Откуда родилось у нее такое намерение? Возможно, тогда, когда она слышала еще совсем маленькой девочкой, как ее благочестивый отец Аверьян читал домашним книгу святых пророчеств, и там Шура услышала слова о том, что в последние времена горе будет питающим сосцами (см. Мф. 24, 19). В простоте своей детской веры Шура тогда подумала и решила: «А вот возьму и не выйду замуж». Годы общения с монахиней Фессалоникией лишь укрепили ее в этом стремлении. Казалось, матушка во всем понимала и поддерживала ее, а тут – такой разговор. «Дурная ты, Шурка, дурная, – в сердцах начала опять матушка, – я ж как лучше хочу все устроить. Не за колхозника же тебя выдавать. А в какой монастырь ты пойдешь, когда все кругом закрыто?» И давай опять уговаривать до глубокой ночи. Шура только отнекивалась, защищаясь последним, как ей казалось, наиболее убедительным аргументом: «Матушка, вот Вы сами монашкой стали, а мне жениха ищете». На том и разошлись. Однако на следующий день начавшийся разговор про замужество получил свое неожиданное продолжение. Сидя у раскрытого окна, Шура вдруг услышала, как во двор пришли сваты и стали договариваться с родителями о будущей свадьбе. Выросла же Шура в очень богобоязненной семье, где перечить родителям, противиться их воле считалось большим грехом. «Царица Небесная! – со слезами взмолилась девушка перед образом Иверской Божией Матери, что висел у них в хате. – Отведи от меня такую напасть, пошли мне болезнь – все, что Тебе будет угодно, только спаси от замужества». Шура истово молилась, обливаясь слезами и думая: «Я бы согласилась жить с мужем, как брат с сестрой. Так кто ж пойдет на такое замужество?» Сваты вскоре ушли вполне довольные состоявшимся разговором, а там наступил вечер, за ним и ночь.

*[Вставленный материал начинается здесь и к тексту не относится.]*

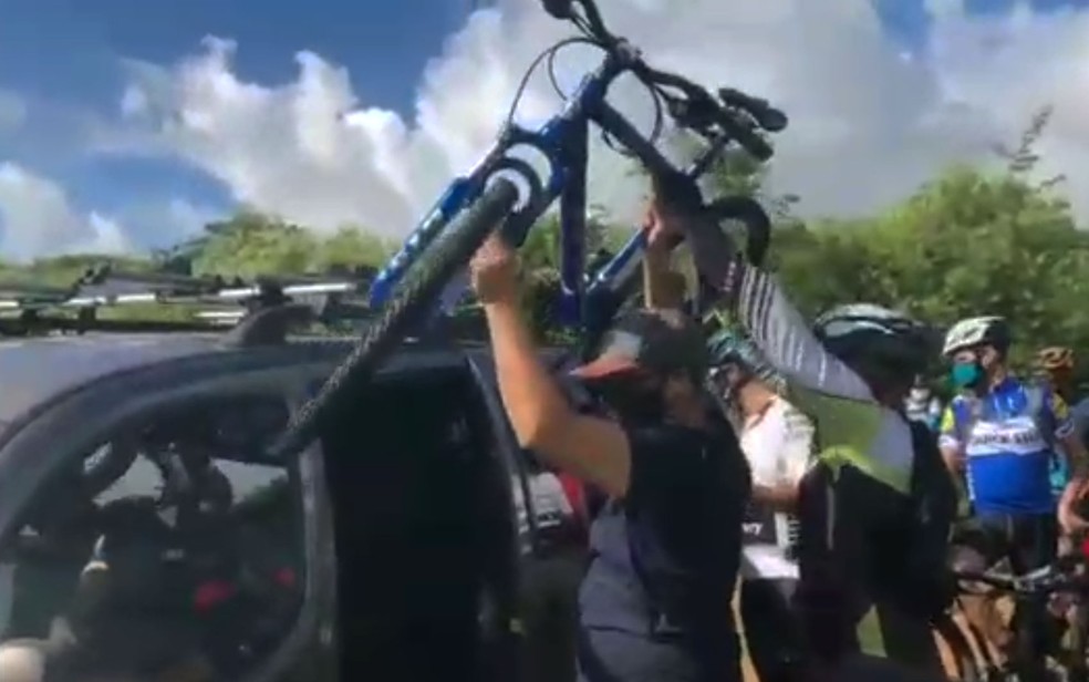 "No meio do caminho furou o pneu de um colega e, quando chegamos no local [da trilha], o pedal de um colega da gente quebrou. Tentamos colocar no lugar mas não conseguimos. Pensamos em ele pegar um motoboy para chegar no vilarejo, mas aí Márcio Vitor falou que não precisava porque ele tiraria o pedal da bicicleta dele e daria ao rapaz para colocar na bicicleta", contou.

Утром, как обычно, Шура пришла на почту взять письма и газеты. Внезапно она почувствовала нарастающее недомогание, которое видимо отразилось на ее лице. Начальник почты, посмотрев на Шуру, отпустил ее домой, чтобы она немного отлежалась – он поступил почеловечески в надежде, что ее недомогание пустячное, ведь в то время получить больничный лист было делом непростым. Отец Шуры Аверьян очень удивился, когда увидел свою дочь, возвратившуюся так рано и лежащую в постели. Он подошел к ней и взял за руку. Нестерпимая боль пронзила все тело девушки, и она закричала. От больницы она категорически отказалась и пролежала недвижимой дома с температурой 40 почти целый месяц. Встать с постели здоровыми ногами она уже не могла и продолжала обессиленной лежать дома. Целый год ее кормили с ложечки, ибо внезапный паралич сковал не только ноги, но и все тело. На Пасху Шуру поздравил отец Симеон: Батюшка служил на тот час уже далеко от Ипатово – в городе Спасске, а потому прислал своей воспитаннице красочную иерусалимскую открытку. В это мгновение Шура отчетливо почувствовала, что Господь обязательно воздвигнет ее по святым молитвам духовного отца «из нездравия во здравие». Так и случилось. На Троицу в дом Шуры принесли освященную траву, которой украшали царские врата в храме. Нагрели бочку воды, запарили эту траву, отвар слили в бочку и бережно опустили туда немощную Шуру. Выйдя оттуда, она смогла впервые за все долгое время болезни перейти комнату на костылях, а на второй день попросила родительского благословения отпустить ее с паломниками в Киев и Почаев. Повезли Шуру две вдовы из их села. В Киеве она приложилась к чудотворным мощам Печерских угодников, окатилась святой водой из колодца, что на территории Лавры, а в Почаеве слезно припала к чудотворным образам Божией Матери. После этого она, бросив костыли, поднялась там на «Божью Горку», пройдя пешком без посторонней помощи 12 километров.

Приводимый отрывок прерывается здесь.